• _Work to complete_
What is needed is an exact reproduction of the lines in the records below, starting at the line with "التصميم: طبعة زهور" and ending at the line with "La prestazione è", both included, and nothing else; pictures stay out.

• _Source information_
◆ ◆ ◆ ◆ ◆ ◆ ◆
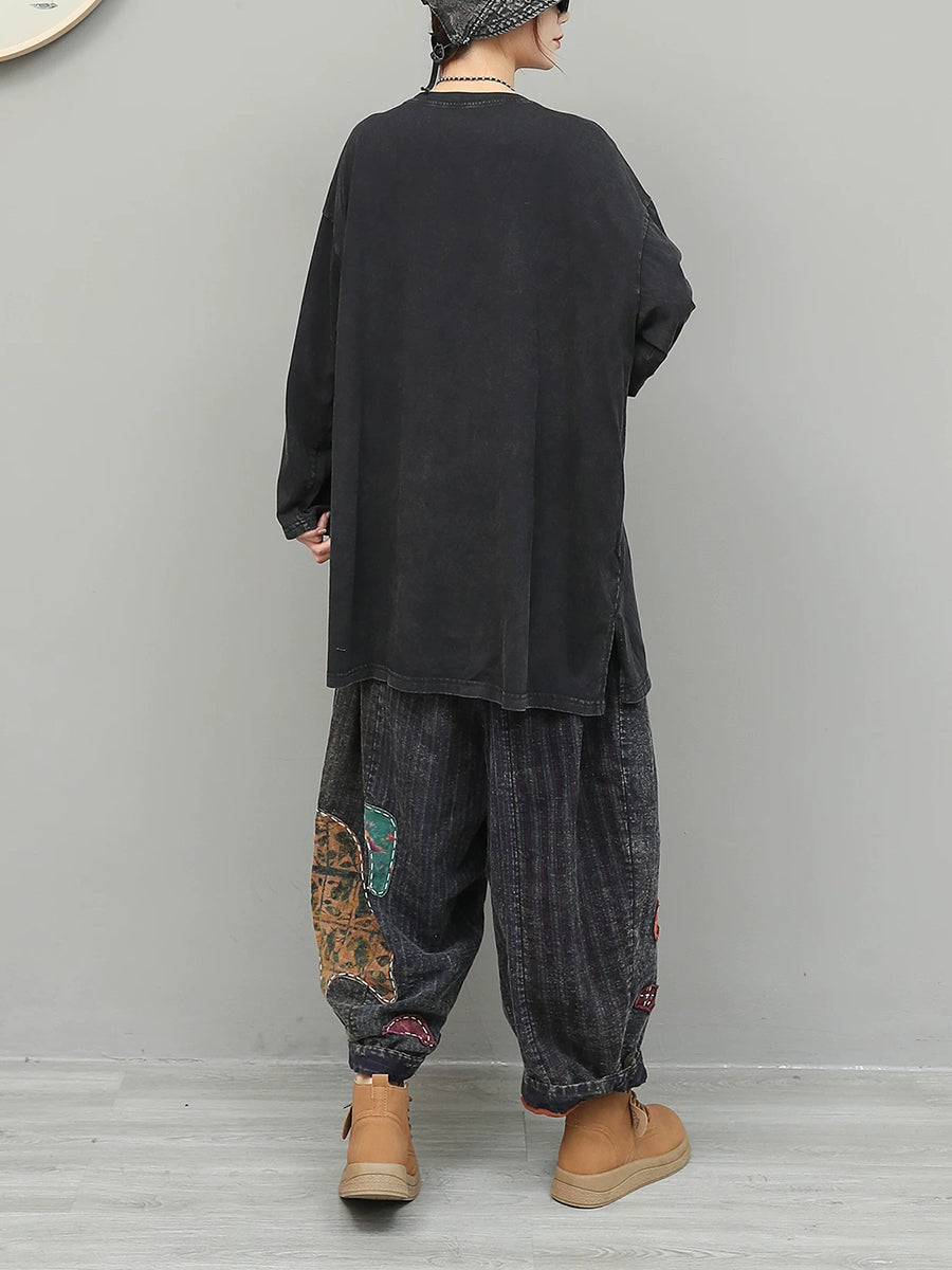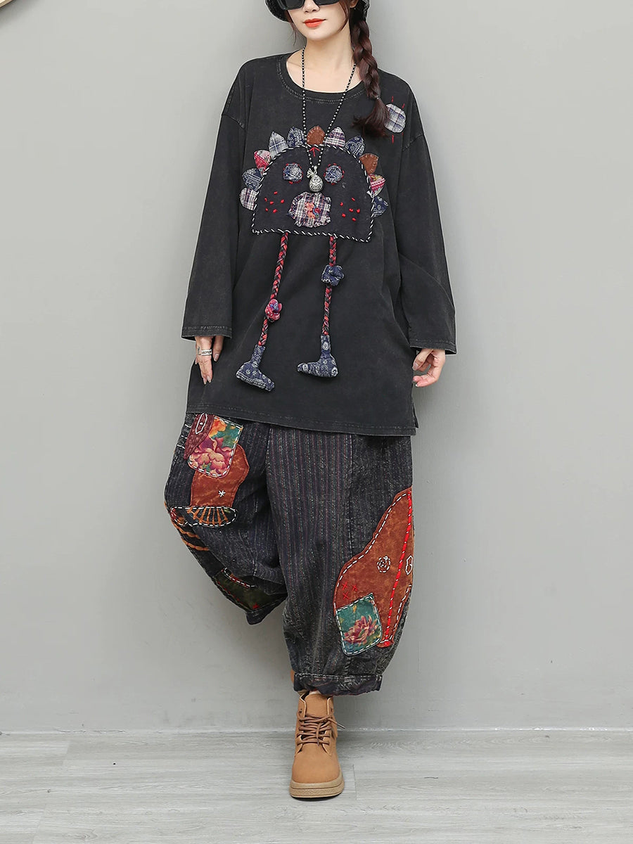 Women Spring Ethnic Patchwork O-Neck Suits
◆ ◆ ◆ ◆ ◆ ◆ ◆
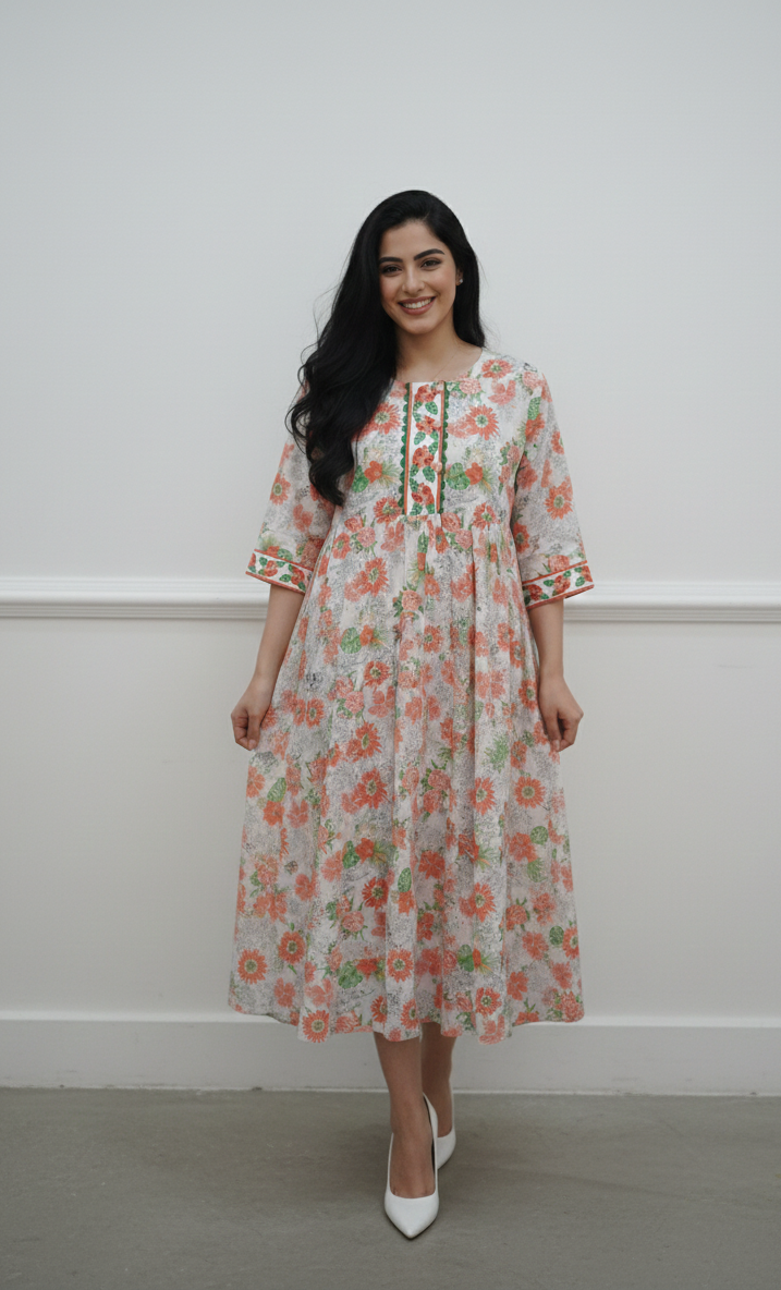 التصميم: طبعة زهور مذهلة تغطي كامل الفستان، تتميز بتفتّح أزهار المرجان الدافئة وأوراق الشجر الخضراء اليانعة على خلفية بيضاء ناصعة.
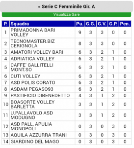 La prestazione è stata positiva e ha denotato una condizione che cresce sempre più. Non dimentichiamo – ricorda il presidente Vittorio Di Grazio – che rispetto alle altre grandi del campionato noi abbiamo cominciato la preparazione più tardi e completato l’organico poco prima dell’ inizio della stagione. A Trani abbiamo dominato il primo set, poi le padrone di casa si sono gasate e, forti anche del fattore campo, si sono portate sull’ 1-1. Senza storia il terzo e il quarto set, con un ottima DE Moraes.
◆ ◆ ◆ ◆ ◆ ◆ ◆
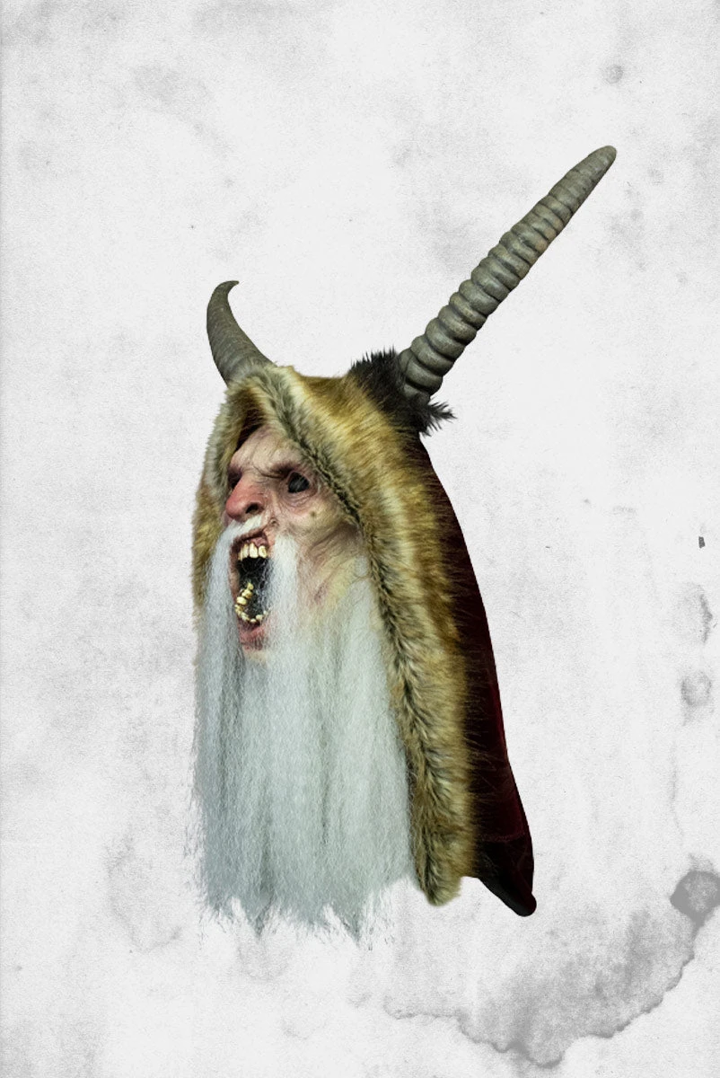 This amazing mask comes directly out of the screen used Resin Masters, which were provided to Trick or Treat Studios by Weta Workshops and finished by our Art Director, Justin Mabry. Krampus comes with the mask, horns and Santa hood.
◆ ◆ ◆ ◆ ◆ ◆ ◆
• _Exercise output_
 التصميم: طبعة زهور مذهلة تغطي كامل الفستان، تتميز بتفتّح أزهار المرجان الدافئة وأوراق الشجر الخضراء اليانعة على خلفية بيضاء ناصعة.
 La prestazione è stata positiva e ha denotato una condizione che cresce sempre più. Non dimentichiamo – ricorda il presidente Vittorio Di Grazio – che rispetto alle altre grandi del campionato noi abbiamo cominciato la preparazione più tardi e completato l’organico poco prima dell’ inizio della stagione. A Trani abbiamo dominato il primo set, poi le padrone di casa si sono gasate e, forti anche del fattore campo, si sono portate sull’ 1-1. Senza storia il terzo e il quarto set, con un ottima DE Moraes.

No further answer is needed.